Required work = Span requested from the data below: the line with "将革命历史与环保理念相结合,作品采用再生" through the line with "图为浙江义乌某公司为农民工兄弟发放年终工资及奖金。中新社发 吕斌 摄", both included. Give only these lines again, exactly, and leave every picture out.

Provided data =

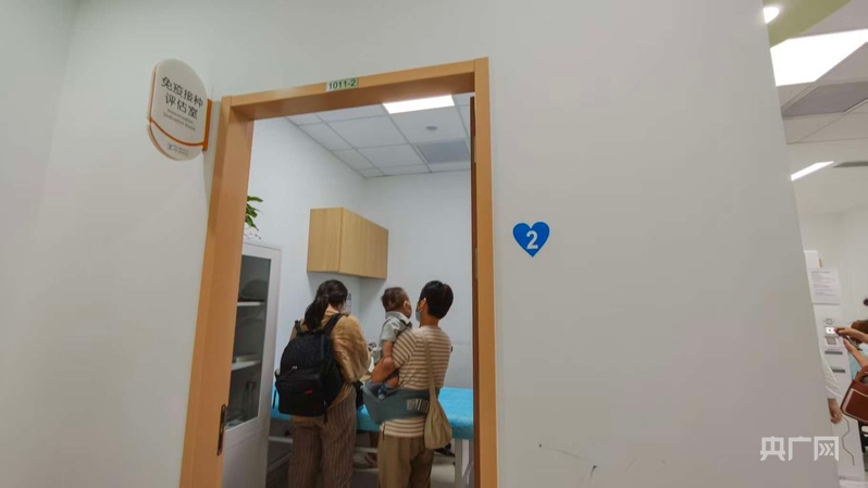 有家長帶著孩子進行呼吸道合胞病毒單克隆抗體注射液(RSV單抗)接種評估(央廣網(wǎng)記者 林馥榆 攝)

---

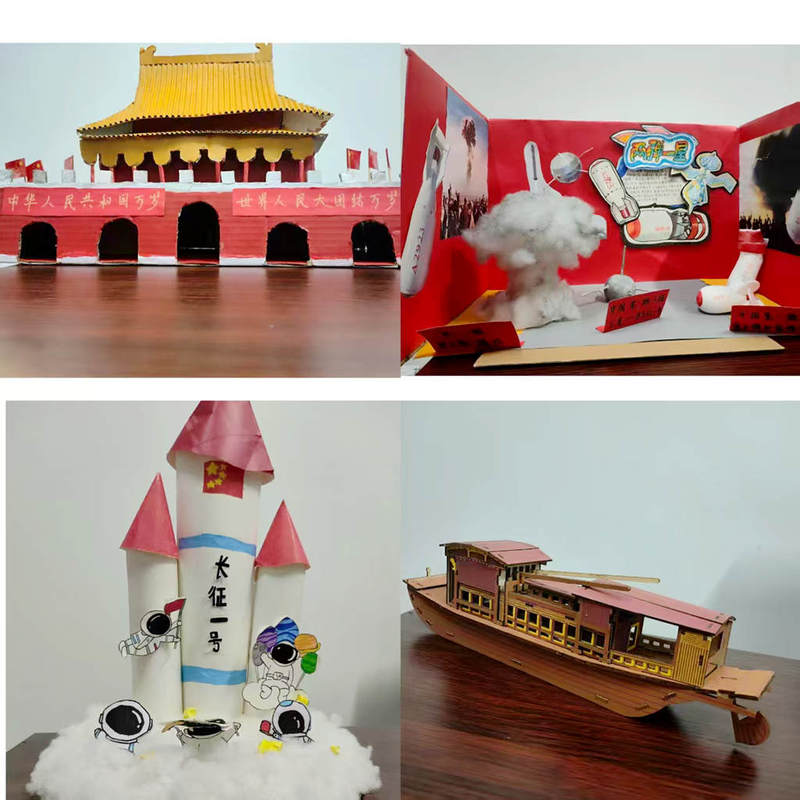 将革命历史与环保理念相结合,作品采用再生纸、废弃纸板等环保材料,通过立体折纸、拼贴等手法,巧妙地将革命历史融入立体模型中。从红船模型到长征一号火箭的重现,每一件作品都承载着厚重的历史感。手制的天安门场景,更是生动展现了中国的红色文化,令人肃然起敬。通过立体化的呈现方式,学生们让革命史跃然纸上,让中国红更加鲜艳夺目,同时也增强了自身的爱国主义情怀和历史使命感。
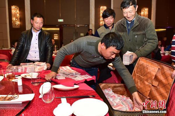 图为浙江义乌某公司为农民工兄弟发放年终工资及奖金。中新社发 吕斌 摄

Exercise output =
 将革命历史与环保理念相结合,作品采用再生纸、废弃纸板等环保材料,通过立体折纸、拼贴等手法,巧妙地将革命历史融入立体模型中。从红船模型到长征一号火箭的重现,每一件作品都承载着厚重的历史感。手制的天安门场景,更是生动展现了中国的红色文化,令人肃然起敬。通过立体化的呈现方式,学生们让革命史跃然纸上,让中国红更加鲜艳夺目,同时也增强了自身的爱国主义情怀和历史使命感。
 图为浙江义乌某公司为农民工兄弟发放年终工资及奖金。中新社发 吕斌 摄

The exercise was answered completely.